DATA TO EXAMINE:
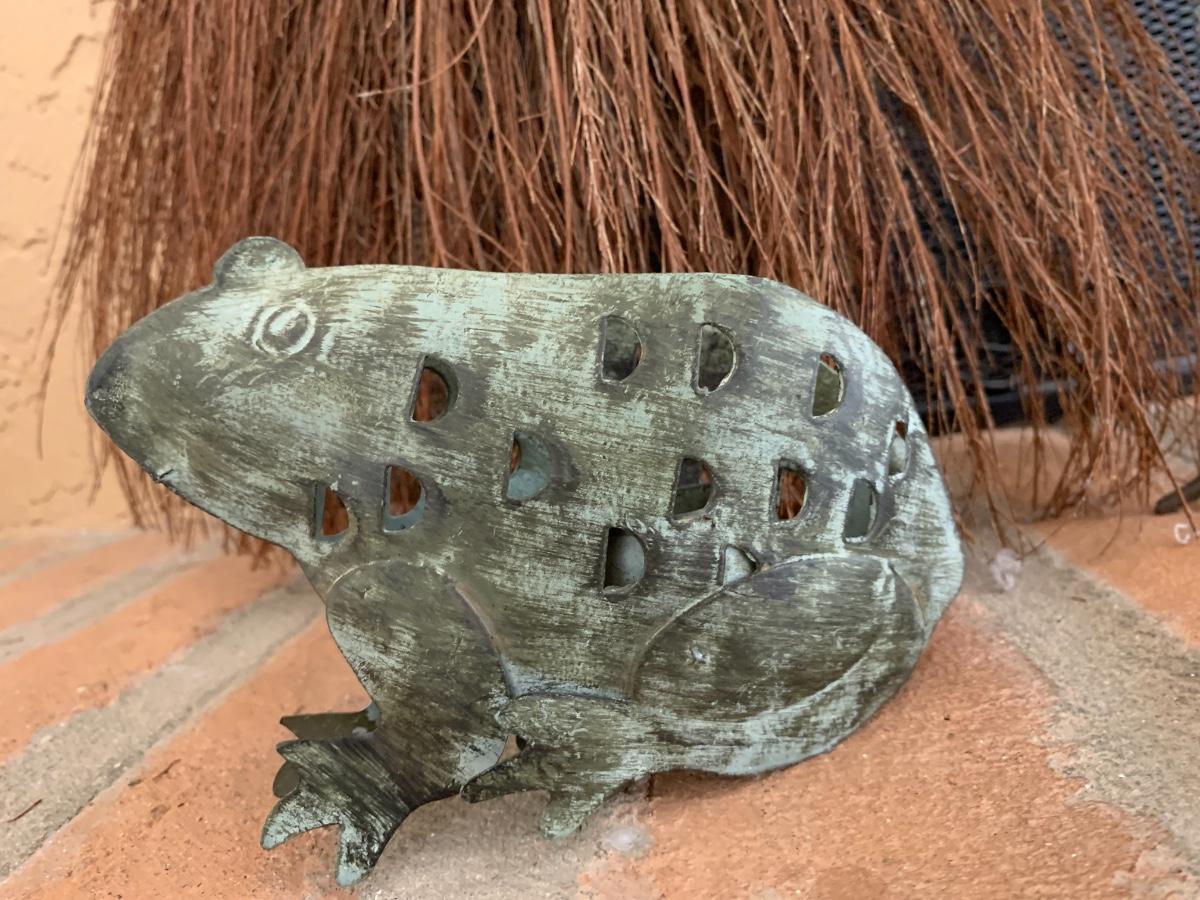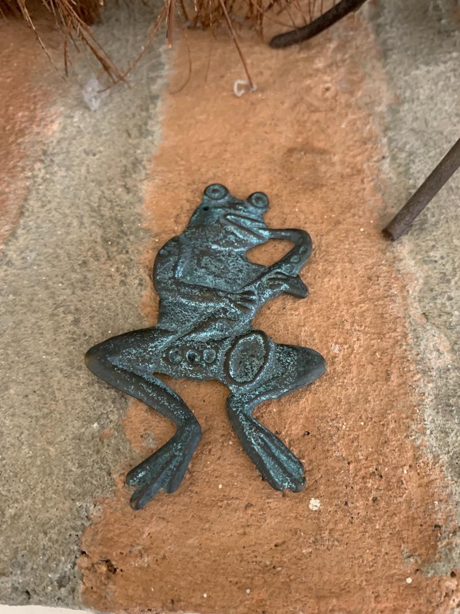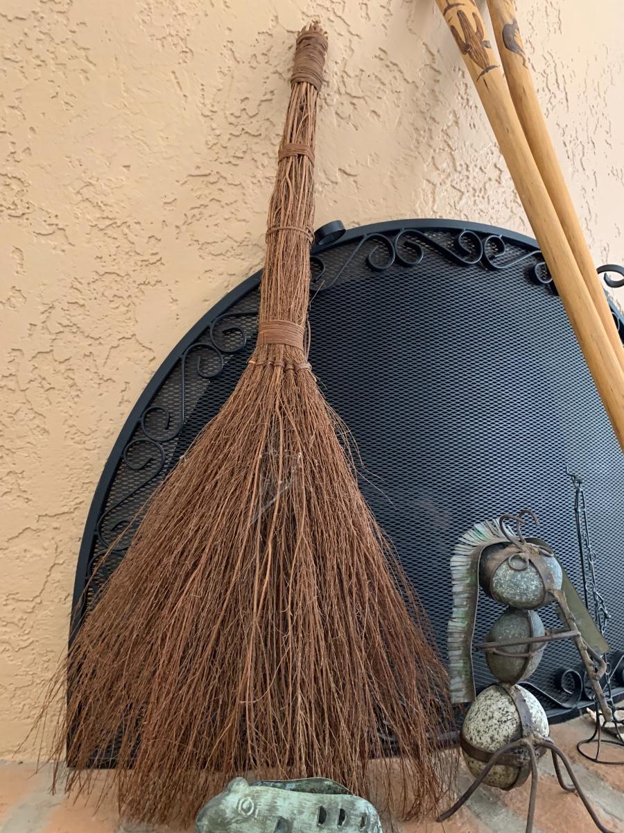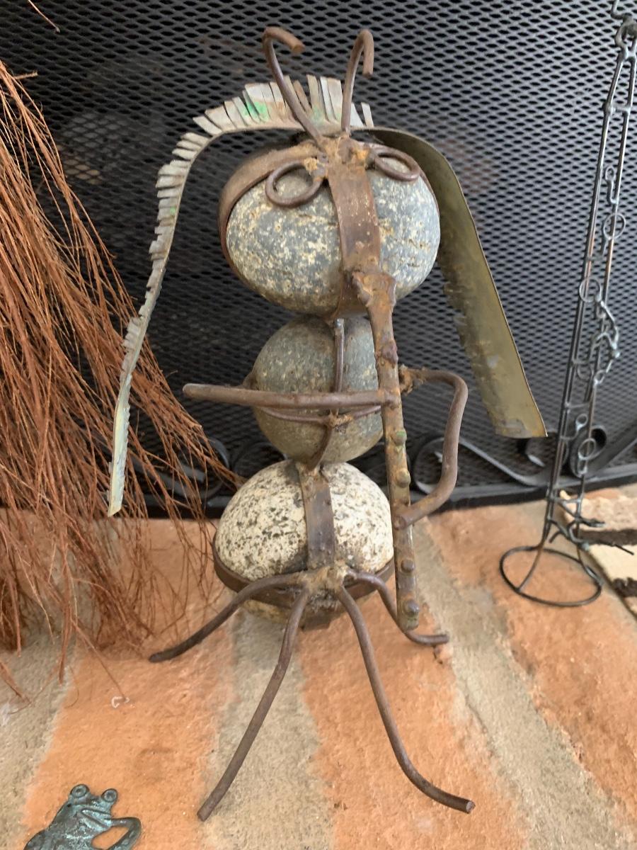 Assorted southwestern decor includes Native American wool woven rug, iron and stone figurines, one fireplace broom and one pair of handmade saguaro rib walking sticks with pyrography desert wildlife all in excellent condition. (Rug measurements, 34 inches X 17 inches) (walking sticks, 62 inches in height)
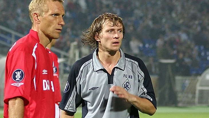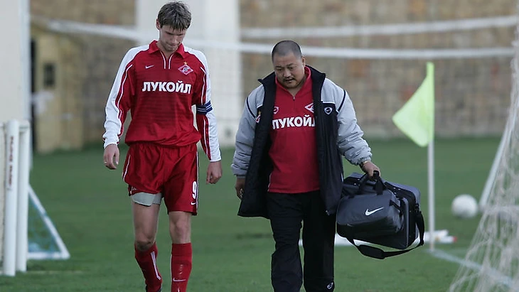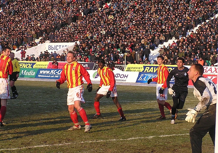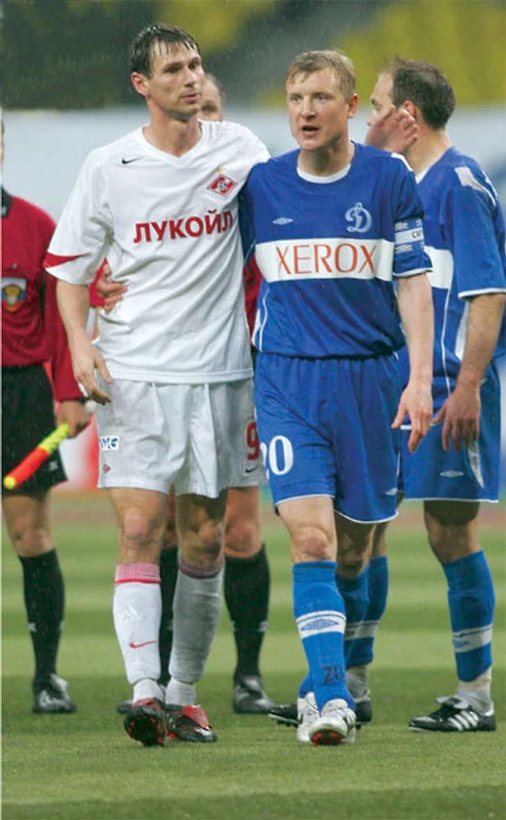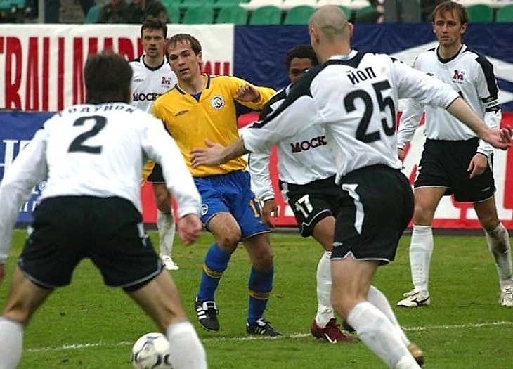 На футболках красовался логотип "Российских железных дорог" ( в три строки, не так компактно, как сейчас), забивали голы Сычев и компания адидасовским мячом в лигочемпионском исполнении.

...

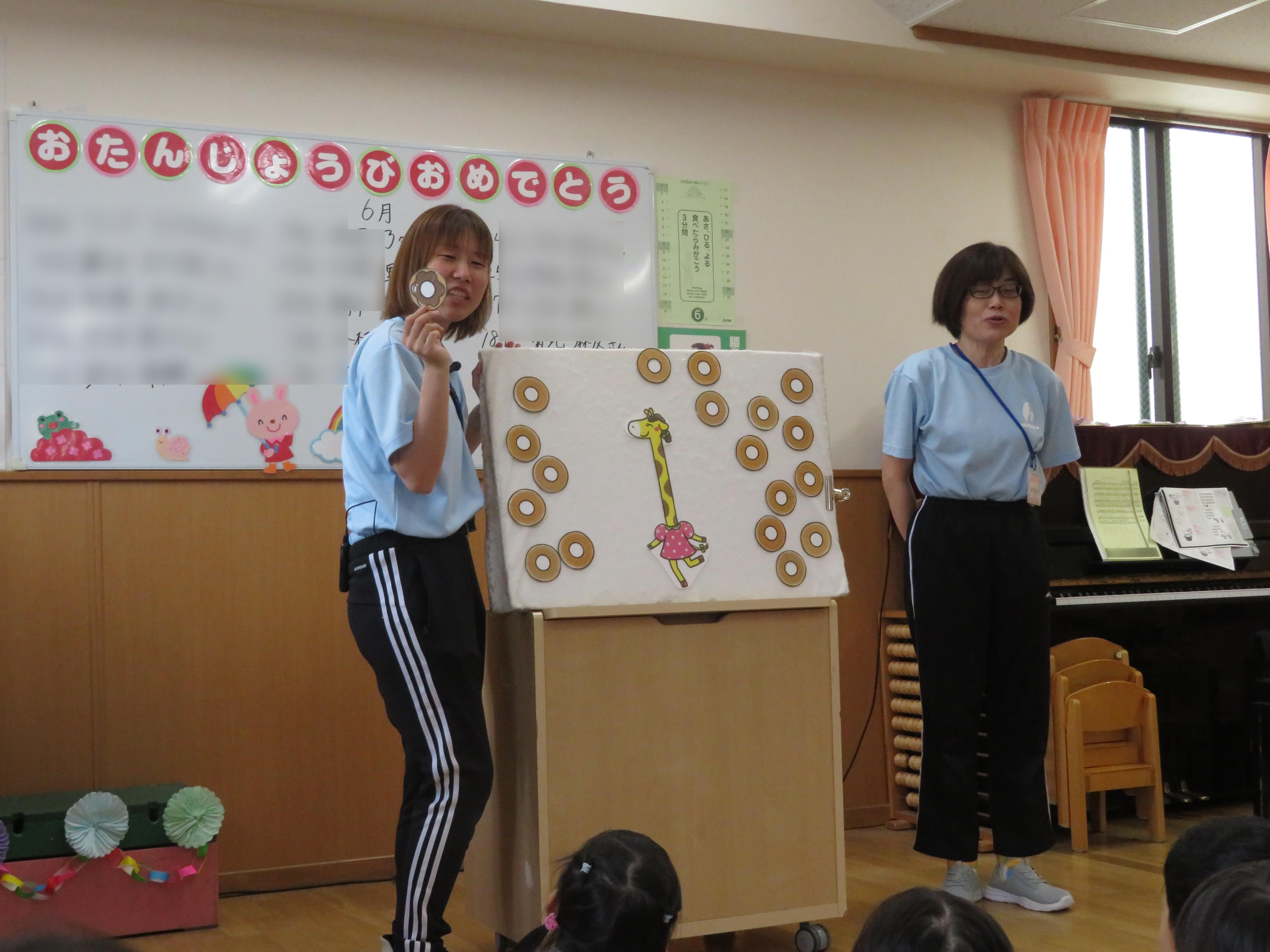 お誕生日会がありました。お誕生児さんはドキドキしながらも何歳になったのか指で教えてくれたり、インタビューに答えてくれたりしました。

EXERCISE INSTRUCTIONS:
The response must repeat exactly the lines above from the one with "Assorted southwestern decor" through the one with "На футболках красовался", including both, and must contain no pictures and no other text.

RESULT OF THIS EXERCISE:
 Assorted southwestern decor includes Native American wool woven rug, iron and stone figurines, one fireplace broom and one pair of handmade saguaro rib walking sticks with pyrography desert wildlife all in excellent condition. (Rug measurements, 34 inches X 17 inches) (walking sticks, 62 inches in height)
 На футболках красовался логотип "Российских железных дорог" ( в три строки, не так компактно, как сейчас), забивали голы Сычев и компания адидасовским мячом в лигочемпионском исполнении.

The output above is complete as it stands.